Yolsuzluk mücadale de yapısal problemlerden bir tanesi. Bazı tahminlere göre küresel ekonomiye 1 trilyon dolardan çok zararı var. Çok korkunç bir rakam. Hiçbir ülke tamamen yolsuzluğu ortadan kaldıramadı. Ama yolsuzluğa karşı şeffaflık üretmek ve yargı kurumlarını kullanmak çok başarılı olabiliyor. Ama bunu yapmak için tabi ki politik süreçlerin olması lazım.
Örneğin yargının bu konuda herkesin üstüne gitmesine izin verilmesi lazım. Türkiye demokratik kanatlarını bir an için kurduğu zaman piyasa reformlarını yaptı. Yolsuzluğun kontrolü, hukuk devleti, hesap verilebilirliğe baktığımızda krizden önce bir duruyor bir ilerliyor.
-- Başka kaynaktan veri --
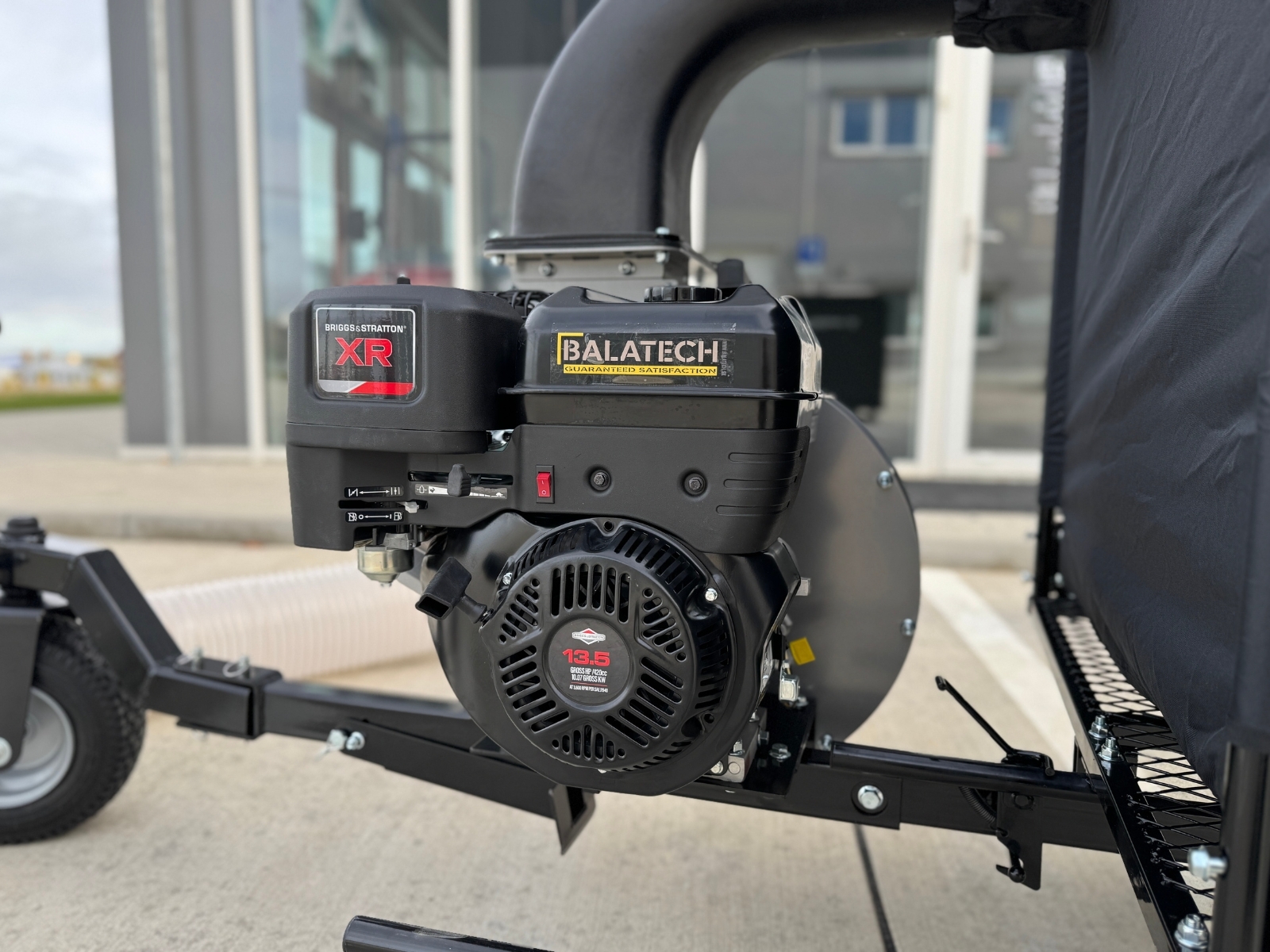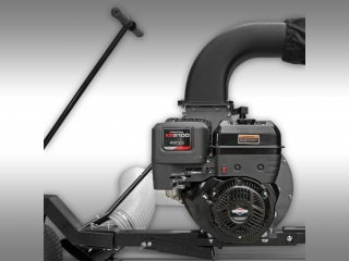 - Spoľahlivý a výkonný benzínový motor s výkonom 13 HP poháňa výkonné koleso turbíny, ktoré je umiestnené v stabilnom kryte.

Dünya Bankası yönetmelikleriyle bir an için algı iyileşti. Ancak yeniden bozuldu. Çünkü sivil toplum ortamı, medya özgürlüğünde büyük bir bozulma var.
Silahlar sussun
* Terör konusunda ne düşünüyorsunuz?
Ne diyebilirim. İnsanlar çok konuşuyorlar ama insanların öldüğü bir durumda bu çok acıklı. Ölen her bir insan çok büyük bir kayıp. Bunu bir şekilde durdurmak lazım. Ve bence bunu durdurmanın en iyi yolu bir şekilde silahlarla değil konuşarak sorunları çözmek.
* Türkiye ikinci çeyrekte yüzde 3.8 büyüdü ama işsizlik yükseliyor. Bunu neye bağlıyorsunuz?
Bence büyüme şu anda taleple, hükümet sektöründen itmeyle gelen bir büyüme. Organik, doğal bir büyüme değil. Örneğin 2002-2006 arasında olan yüksek kaliteli, üretkenliği artıran bir büyüme değil. Öyle bir büyüme olduğu zaman bunun istihdama olan etkisi de daha pozitif oluyor.